=== Your goal ===
Copy out, word for word, the lines from the start of the data below through the line containing "Lanterna de cerâmica", and no others.
═════ Data records ═════
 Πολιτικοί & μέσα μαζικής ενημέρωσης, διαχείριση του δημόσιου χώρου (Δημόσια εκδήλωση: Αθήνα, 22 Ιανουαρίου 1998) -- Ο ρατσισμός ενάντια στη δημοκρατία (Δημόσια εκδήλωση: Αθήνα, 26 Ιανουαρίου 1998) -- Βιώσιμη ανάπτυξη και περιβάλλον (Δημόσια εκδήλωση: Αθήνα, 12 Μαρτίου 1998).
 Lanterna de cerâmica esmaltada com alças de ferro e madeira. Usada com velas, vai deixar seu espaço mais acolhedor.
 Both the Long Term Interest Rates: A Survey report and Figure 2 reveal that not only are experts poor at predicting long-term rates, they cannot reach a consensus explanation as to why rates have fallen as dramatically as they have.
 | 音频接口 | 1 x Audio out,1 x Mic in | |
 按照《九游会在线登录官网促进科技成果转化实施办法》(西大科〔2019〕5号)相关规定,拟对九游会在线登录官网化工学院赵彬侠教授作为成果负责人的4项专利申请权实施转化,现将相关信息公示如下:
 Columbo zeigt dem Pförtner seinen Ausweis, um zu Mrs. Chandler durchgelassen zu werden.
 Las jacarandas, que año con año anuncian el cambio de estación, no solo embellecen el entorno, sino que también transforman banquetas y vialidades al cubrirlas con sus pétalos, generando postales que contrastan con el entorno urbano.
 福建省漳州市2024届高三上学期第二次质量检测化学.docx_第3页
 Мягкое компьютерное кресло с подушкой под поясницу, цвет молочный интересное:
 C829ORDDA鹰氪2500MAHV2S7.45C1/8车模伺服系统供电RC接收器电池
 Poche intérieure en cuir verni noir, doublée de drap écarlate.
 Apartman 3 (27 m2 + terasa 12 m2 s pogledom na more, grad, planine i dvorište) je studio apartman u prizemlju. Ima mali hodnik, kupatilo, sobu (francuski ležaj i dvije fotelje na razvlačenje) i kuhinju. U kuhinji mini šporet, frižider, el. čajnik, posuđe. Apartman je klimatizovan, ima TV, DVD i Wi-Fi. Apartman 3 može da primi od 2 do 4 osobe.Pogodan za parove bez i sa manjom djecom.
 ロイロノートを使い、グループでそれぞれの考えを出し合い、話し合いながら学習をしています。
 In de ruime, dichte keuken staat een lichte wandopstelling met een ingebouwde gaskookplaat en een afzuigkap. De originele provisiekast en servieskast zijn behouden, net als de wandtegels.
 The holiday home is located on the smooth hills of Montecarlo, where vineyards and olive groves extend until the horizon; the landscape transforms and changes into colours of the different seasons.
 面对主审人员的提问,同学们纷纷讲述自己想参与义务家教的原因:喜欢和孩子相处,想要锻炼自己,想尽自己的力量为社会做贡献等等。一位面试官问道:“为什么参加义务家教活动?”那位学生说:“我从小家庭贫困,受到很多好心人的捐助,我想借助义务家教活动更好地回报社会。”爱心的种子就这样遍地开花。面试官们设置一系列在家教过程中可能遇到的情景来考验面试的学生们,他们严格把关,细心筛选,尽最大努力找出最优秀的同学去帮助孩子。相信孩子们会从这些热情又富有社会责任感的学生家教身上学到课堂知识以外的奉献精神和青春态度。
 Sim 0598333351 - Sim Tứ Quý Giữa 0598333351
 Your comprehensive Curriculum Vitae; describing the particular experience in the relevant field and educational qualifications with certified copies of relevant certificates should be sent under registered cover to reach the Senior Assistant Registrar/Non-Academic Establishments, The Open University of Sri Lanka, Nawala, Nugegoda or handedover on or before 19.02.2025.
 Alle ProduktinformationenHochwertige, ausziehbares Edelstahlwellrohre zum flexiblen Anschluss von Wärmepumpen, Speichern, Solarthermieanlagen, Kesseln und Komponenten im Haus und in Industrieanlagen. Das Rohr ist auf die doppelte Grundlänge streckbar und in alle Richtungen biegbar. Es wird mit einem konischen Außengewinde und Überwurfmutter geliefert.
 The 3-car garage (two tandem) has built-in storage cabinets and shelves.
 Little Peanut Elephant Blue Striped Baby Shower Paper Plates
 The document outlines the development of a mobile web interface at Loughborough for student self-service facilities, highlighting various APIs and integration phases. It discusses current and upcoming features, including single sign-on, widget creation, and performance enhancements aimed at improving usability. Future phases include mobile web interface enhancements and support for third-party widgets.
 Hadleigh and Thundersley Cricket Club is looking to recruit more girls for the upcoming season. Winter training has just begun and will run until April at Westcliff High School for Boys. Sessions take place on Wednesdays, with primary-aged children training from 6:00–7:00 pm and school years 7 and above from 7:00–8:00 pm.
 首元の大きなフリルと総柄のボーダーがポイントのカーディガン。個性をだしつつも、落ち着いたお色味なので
═════
=== Problem solution ===
 Πολιτικοί & μέσα μαζικής ενημέρωσης, διαχείριση του δημόσιου χώρου (Δημόσια εκδήλωση: Αθήνα, 22 Ιανουαρίου 1998) -- Ο ρατσισμός ενάντια στη δημοκρατία (Δημόσια εκδήλωση: Αθήνα, 26 Ιανουαρίου 1998) -- Βιώσιμη ανάπτυξη και περιβάλλον (Δημόσια εκδήλωση: Αθήνα, 12 Μαρτίου 1998).
 Lanterna de cerâmica esmaltada com alças de ferro e madeira. Usada com velas, vai deixar seu espaço mais acolhedor.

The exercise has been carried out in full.